Stored entries »
☆ ☆ ☆

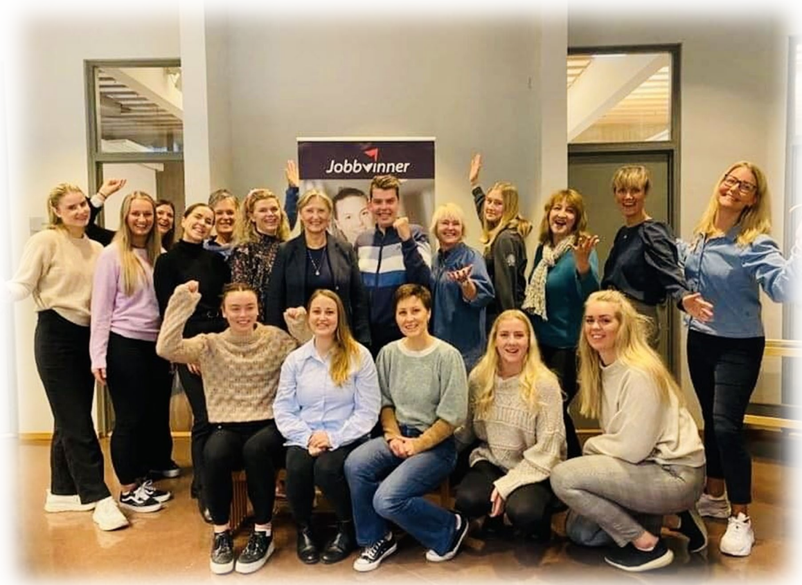
Deltakere på første utviklingsverksted; Klepp og Time kommune, 2.års studenter fra UiS, prosjektleder UiS, Nsf Rogaland og Jobbvinner.

Første samling fant sted den 26. oktober 2022 ved Arkeologisk museum i Stavanger. Dette arrangementet ble organisert av KS (Kommunesektorens organisasjon) og Universitetet i Stavanger.
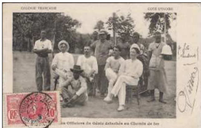
Groupe de Sous-Officiers du Génie détachés au chemin de fer
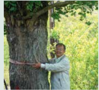
見證竹村發展史之百年臺灣第一巨大珍貴銀杏樹。
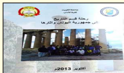
● غلاف الكتاب

بمشاركة أساتذة وطلبة القسم، حيث أصدر كتابا يحتوي على معلومات الرحلة والأماكن الأثرية والتاريخية.
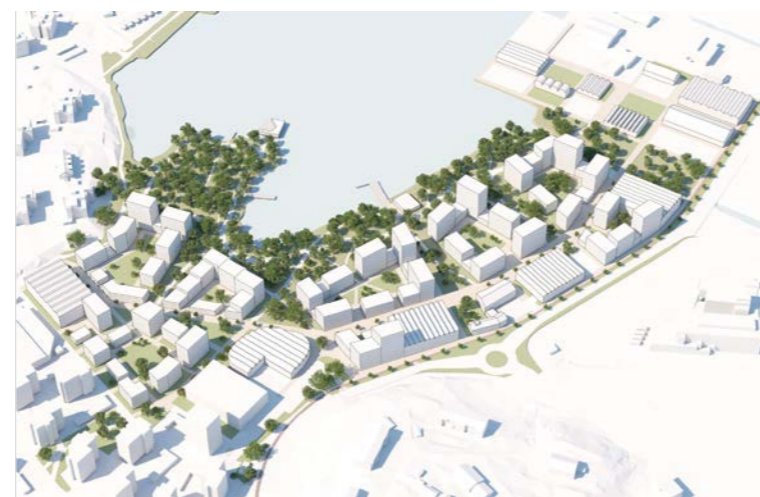
ilmakuva / aerial view

tekijät / authors: Futudesign Oy – TEEMU SEPPÄNEN, ALEKSI NIEMELÄINEN, MARCUS KUJALA arkkitehteja / architects SAFA
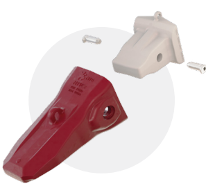
TWINMET 1 pour pelles de 250 à 400 t

Le système de dents à 2 éléments est spécifiquement conçu pour les lames moulées TERRA plus petites de 116" et 136" qui fonctionnent en terrains à niveau moyen d'abrasion et d'impact.

☆ ☆ ☆

Only the lines from the one that holds "Groupe de Sous-Officiers" through the end of the records above should be printed again, exactly as they are. Leave out the pictures.

Answer to this exercise »
Groupe de Sous-Officiers du Génie détachés au chemin de fer
見證竹村發展史之百年臺灣第一巨大珍貴銀杏樹。
● غلاف الكتاب

بمشاركة أساتذة وطلبة القسم، حيث أصدر كتابا يحتوي على معلومات الرحلة والأماكن الأثرية والتاريخية.
ilmakuva / aerial view

tekijät / authors: Futudesign Oy – TEEMU SEPPÄNEN, ALEKSI NIEMELÄINEN, MARCUS KUJALA arkkitehteja / architects SAFA
TWINMET 1 pour pelles de 250 à 400 t

Le système de dents à 2 éléments est spécifiquement conçu pour les lames moulées TERRA plus petites de 116" et 136" qui fonctionnent en terrains à niveau moyen d'abrasion et d'impact.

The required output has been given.